Next, we aimed to identify and assess the reproducibility of Protect-seq enriched domains (hereafter referred to as protected domains). Hidden Markov Models (HMMs) have been used to identify LADs (31,32). Using a similar approach, we identified 390, 375, 284 domains in each Protect-seq replicate, respectively (Supplemental Figures S1 and S3). To compare our domain calls between replicates, we first quantified the number of overlapping domains in all three samples (n = 249). To calculate the degree of overlap we used the Jaccard similarity coefficient (J) (or intersection over union) which ranges from 0 (no overlap) to 1 (perfect overlap). For this, we observed a Jaccard similarity coefficient of 0.80, 0.76, 0.75 for pairwise interactions (Rep1–Rep2, Rep1–Rep3, Rep2–Rep3) suggesting our replicate domains have a high degree of overlap (Supplemental Figure S1).

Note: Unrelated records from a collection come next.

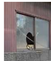
窓が割れた 管理不全空家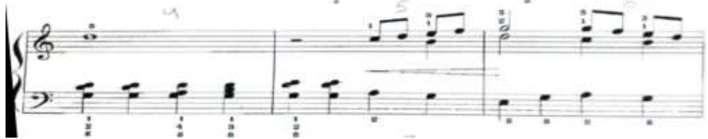
شكل رقم (٢) يوضح م ( 4 ، 5 ، 6 ) من المؤلفه

للتغلب على هذه الصعوبة مراعاة نزول النغمات المزوجه في نفس الوقت وبنفس القوه عن طريق تجهيز الاصابع وهبوطها من أعلى في شكل افقي بمساعدة الرسغ والساعد .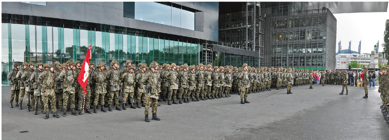
Unter dem schützenden Dach des KKL.

Die zahlreichen Zuschauer erlebten eine schöne und würdige Fahnenabgabe. Die ASMZ wünscht dem scheidenden Bat Kdt für seine militärische und zivile Zukunft alles Gute. Sch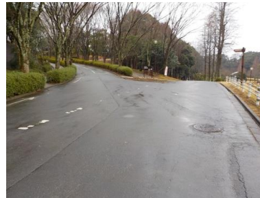
出入口④の状況 2車線分の道路幅がある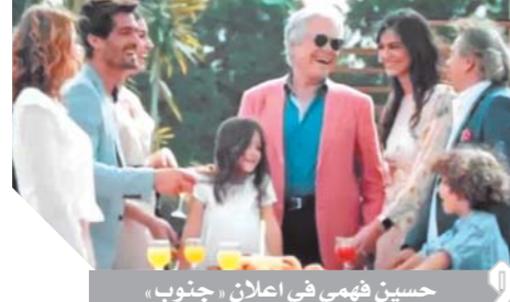
حسين فهمي في اعلان «جنوب»

الترام الفنان وشعبيته «مصرياً وعربياً» يتماشيان مع أهداف الشركة في تقديم منتجات عقارية «موثوقة»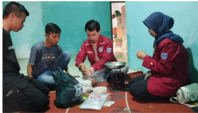
Gambar 3. Pemberian Materi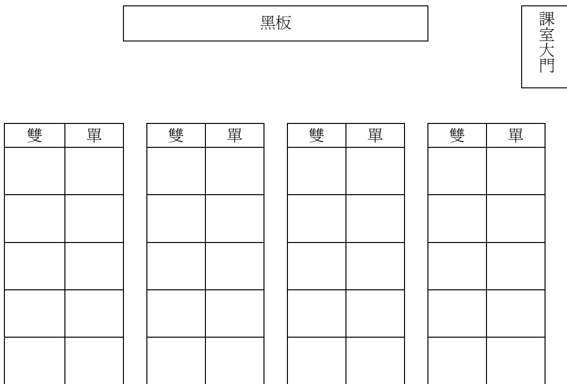
圖一： 課室位置安排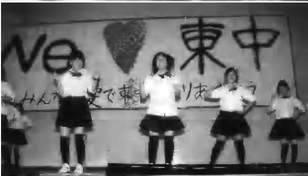
(上) さくらんぼ・ちゅうりっぷ合同で行われている 地域子育て支援センターでの1コマ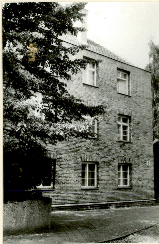
Widok elewacji półn.-wsch.

plan sytuacyjny, rzut przyziemia, fotografie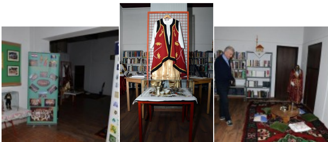
Slika 7., 8., 9. Izložba Gdje je knjiga, tu je moj dom... (Iz knjižnične dokumentacije Središnja knjižnica nacionalne manjine Bošnjaka )

Na kraju večeri, uručene su Zahvalnice čelnicima institucija koje su donacijama knjiga opremili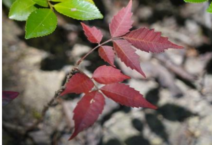
いち早い秋の便り ヤマハゼ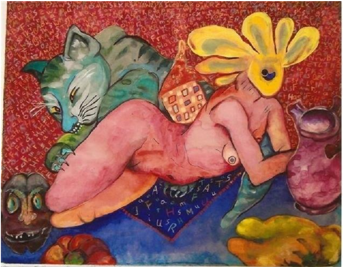
Irene Klaffke: Das Frühstück (2011). Aquarell und Mischtechnik.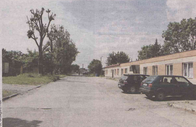
Ulica Kopernika będzie remontowana

Po jakimś czasie, też na zasadzie „kaskady”, samorząd wojewódzki podjął decyzję o pozabawieniu ulicy Wojska Polskiego kategorii drogi wojewódzkiej - tym samym stała się ona drogą powiatową. Podob-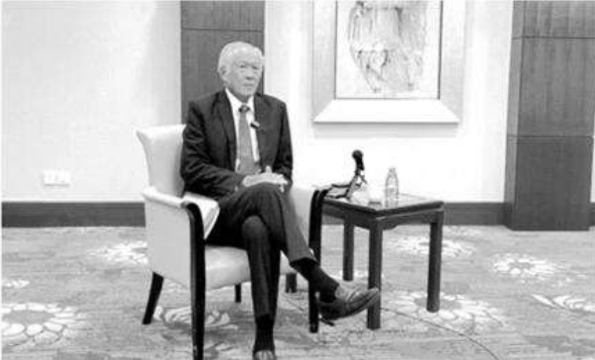
Ministro de Defensa de Singapur, Ng Eng Hen

Global Times. - El compromiso militar es vital: si sois amigos, genera confianza; si sois adversarios potenciales, reduce el riesgo de errores de cálculo, dijo el ministro de Defensa de Singapur, Ng Eng Hen, al Global Times el miércoles durante una entrevista a domicilio, mientras concluía una Visita de cuatro días a Beijing.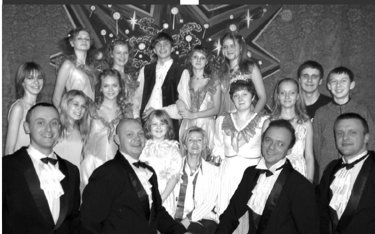
творческого пути и успеха.

апра. А за все годы существования театра им создано и показано более 40 спектаклей русской, современной и зарубежной классики. Прошло более 30 театральных гостиных и поэтических композиций. Каждый юный сланцевчанин хоть раз побывал на спектаклях в театре «БУМС».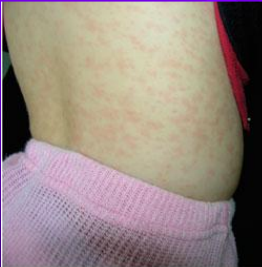
Рисунок 1. Пациентка М., 4 года. Корь, второй день высыпания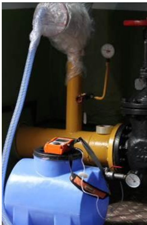
Рис. 1. Фото установки для кількісного вимірювання витоків метану.

Для вирішення цих проблем було виготовлено спеціальну установку на базі пластикової ємності відомого об'єму ( 0,11 \text{ м}^3 ), пакету, пластикового шлангу і манометра (див. Рис. 1). Всі з'єднання виконані герметично.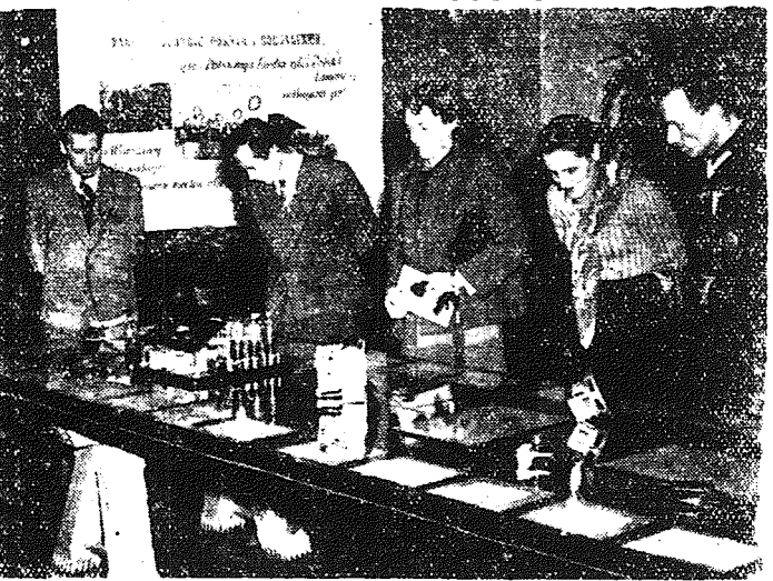
Stoleczny Komitet Radiofonizacji Kraju urządził w sali SRN przy ulicy Chmielnej 7 wystawę radioaparatury i aparatury skonstruowanej przez radioamatorów.

W rozpoczynającym się roku szkolenia partyjnego przed całą partią, przed wszystkimi organizacjami partyjnymi stają nowe, wielkie zadania związane z przygotowaniem aktywów i członków partii do walki o realizację Planu 6-letniego, planu budownictwa podstaw socjalizmu w Polsce.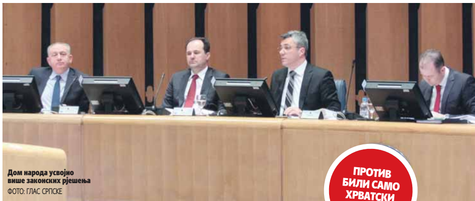
Дом народа усвојио више законских рјешења

- Ово рјешење је апсолутно спроводљиво. Неко жели цијели "бијели хљеб", неко пола "бијелог хљеба", а можда неко жели фртал "бијелог хљеба". Ми, једноставно, не желимо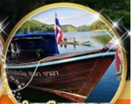
ล่องเรือทะเลสาบ ฮาลาบาลา

สตรีทอาร์ตเบตง, ตูโปรขณีย์โบราณ, สนามบินเบตง ป้ายใต้สุดสยาม อุโมงค์ปิยะมิตร ถ่ายรูปสุดเท่กับต้นไม้พันปี เจ้าแม่ลิ้มกอเหนี่ยว ต้นไม้พันปี หมีนุปลา แซ่ก้าบ่อน้ำพุร้อนเบตง สวนหมีนุปลา, แซ่ก้าบ่อน้ำพุร้อนเบตง, พาชิมเดากวียเบตง ลิ้มรส ไก่เบตง เคาหยก จิ้มจุ่มปลาไหลสายน้ำไหล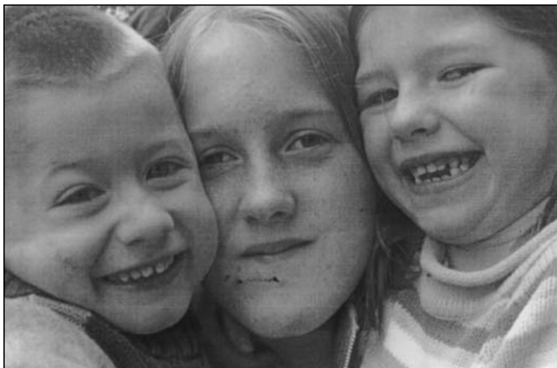
Les enfants de la photo n'ont rien à voir avec l'article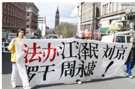
图：法轮功学员游行打出的横幅

文章强调：“法轮功学员要求法办江、罗、刘、周，正是向还在推波助澜助纣为虐者传递这样一个讯息，作恶者必须对自己的恶行负责。任何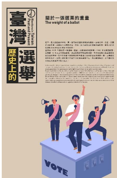
「臺灣歷史上的選舉」展示概述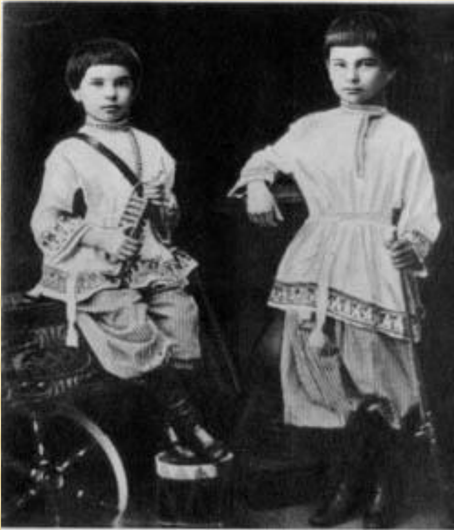
П.А. Столыпин в 7 лет. С братом А.А. Столыпиным.1869 г.

Петр Столыпин родился 14 апреля 1862 года в столице Саксонии Дрездене.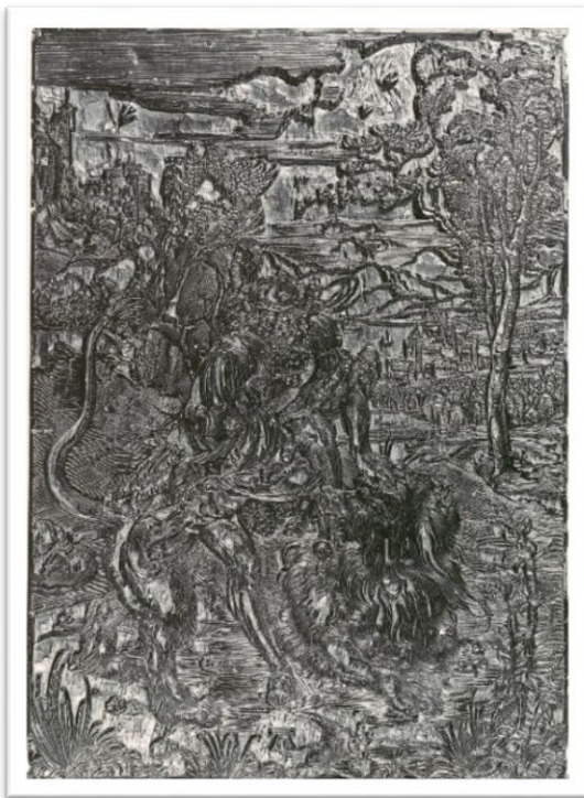
Slika 2 „Samson razbija lava“ ; Albrecht Dürer; 1497.-1498. godina; drveni blok

U 19. stoljeću u Parizu su japanski drvorezbari postali nadahnuće mnogim suvremenim umjetnicima koji su inspirirani japanskim otiscima postignutim drvoreznom tehnikom u svoja djela ugradili taj Ukiyo-e koncept. Iako je drvorez u Japanu bio sve manje popularan tada, dosta snažno je sve i dalje utjecao na europsku avantgardu. Umjetnici kao što su bili Paul Gauguin, Van Gogh, Henri de Toulouse-Lautrec, James Whistler, Édouard Manet, Camille Pissarro su prihvatili utjecaj asimetrične kompozicije, snažnog crtanja i stiliziranih oblika japanskih umjetnika, isto kao i ravnih površina boje, uzoraka i crta kao sastavnih dijelova kompozicije. Utjecaj se osjetio ne samo na njihovim slikama nego također i u grafičkim radovima tih umjetnika. Najistaknutiji predstavnici novog uspona drvoreza su svakako Paul Gauguin i Edvard Munch. Njemački ekspresionisti i grupa Most (Die Brücke) odgovorni su za daljnji razvoj i uspon drvoreza. Ovi su se umjetnici okrenuli jednostavnosti i izražajnosti ove tehnike stvorene u srednjem vijeku i pronašli su u njoj sredstvo snažne izraženosti. Erich Haeckel, Karl Schmidt Rothluff, Ernst Ludwig Kirchner, Emil Nolde, Otto Miller članovi su ove skupine koji su se okušali

Another tool for comparisons is the fraction of the genome covered by the domains. Consistent with domain overlap, protected domains covered a similar fraction of the genome in each replicate (30%, 22%, 26%, respectively) (Supplemental Figure S1). Moving forward, we pooled our biological replicates and recalled domains (n = 456). In sum, these data suggest that our method and HMM domain calls are robust and reproducible.

DNase-seq and ATAC-seq identify open chromatin (8,9,33). Open chromatin regions, defined as DNaseI Hypersensitive Sites (DHS), are on average 2–3 nucleosomes wide and have been reported to occupy ∼2% of the genome (8). An alternative approach, DIVA, leverages viral integration to map accessible chromatin (13). In HeLa cells, DIVA-enriched accessible chromatin constitutes ∼50% of the genome (12). If Protect-seq indeed identities inaccessible chromatin then Protect-seq and DNase-seq/DIVA should identify mutually exclusive chromatin. To compare the techniques, we visualized signal tracks on a genome browser (Figure 1D and Supplemental Figure S5). Indeed, Protect-seq enriched regions are very broad and depleted of DNase-seq and DIVA enriched regions. In support of this, DNase-seq and DIVA do not share a high degree of similarity with Protect-seq via Pearson's correlation (DNase-seq r ≤ 0.14, DIVA r = −0.39) (Figure 1D and F). Taken together, we have developed a novel technique to sequence inaccessible chromatin which provides orthogonal information to accessible chromatin techniques.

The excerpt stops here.